Attention à bien respecter l’obligation de discrétion et de secret

obligation de discrétion et de secret

Attention à bien respecter l’obligation de discrétion et de secret

D’après le code du travail, les membres du comité social et économique sont tenus au secret professionnel et à une obligation de discrétion à l’égard des informations présentant un caractère confidentiel et données comme telles par l’employeur. Reste à savoir ce qui peut être estampillé « Confidentiel » par l’employeur.

Tous les membres du CSE sont tenus à une obligation de discrétion et à une obligation de secret professionnel


Afin de protéger l’entreprise contre toute fuite d’informations stratégiques, le code du travail prévoit que tous les membres du CSE sont soumis à une obligation de discrétion à l’égard des informations présentant un caractère confidentiel et données comme telles par l’employeur. Ils sont également tenus au secret professionnel pour toutes les questions relatives aux procédés de fabrication (C. trav., art. L. 2315-3).

Cette obligation de discrétion est une véritable contrainte pour les membres du CSE car elle les
empêche de jouer leur rôle de représentants du personnel.

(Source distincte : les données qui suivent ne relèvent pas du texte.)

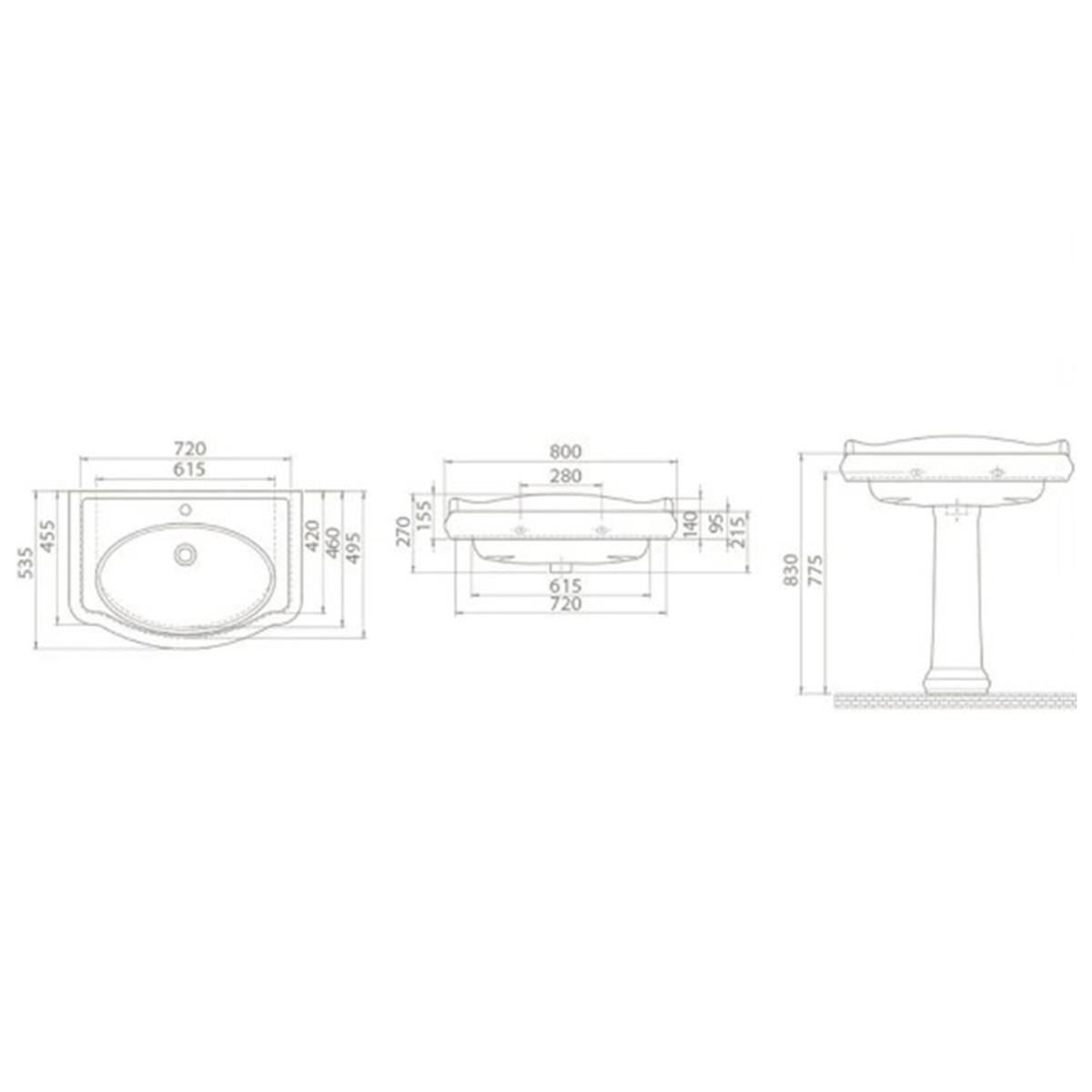 Turkuaz Cerastyle 1837 Etajerli Lavabo 80X54 Cm 030300-U

Toujours est-il qu’il faut aussi savoir l’invoquer et essayer d’en tirer profit lorsque l’employeur refuse de leur fournir des informations ou de répondre à certaines de leurs questions en invoquant, par exemple, un risque pour l’entreprise ou un risque d’atteinte à la vie privée des salariés. C’est justement pour éviter que ces risques ne se réalisent que l’obligation de discrétion existe

Sont également concernés par ces obligations :
les différents experts auxquels le CSE peut recourir : expert-comptable, expert technique, expert libre et expert santé/sécurité (C. trav., art. L. 2315-84) ;
les experts et les techniciens que l’employeur peut adjoindre aux différentes commissions du comité social et économique (C. trav., art. L. 2315-45) ;
les collaborateurs chargés d’assister l’employeur dans le cadre des réunions de la commission santé, sécurité et conditions de travail (C. trav., art. L. 2315-39) ;
les membres du comité social et économique central, du comité de groupe, du comité d’entreprise européen et du comité de la société européenne ;
les représentants du comité social et économique au conseil d’administration ou de surveillance de la société (C. com., art. L. 225-37 et L. 225-92).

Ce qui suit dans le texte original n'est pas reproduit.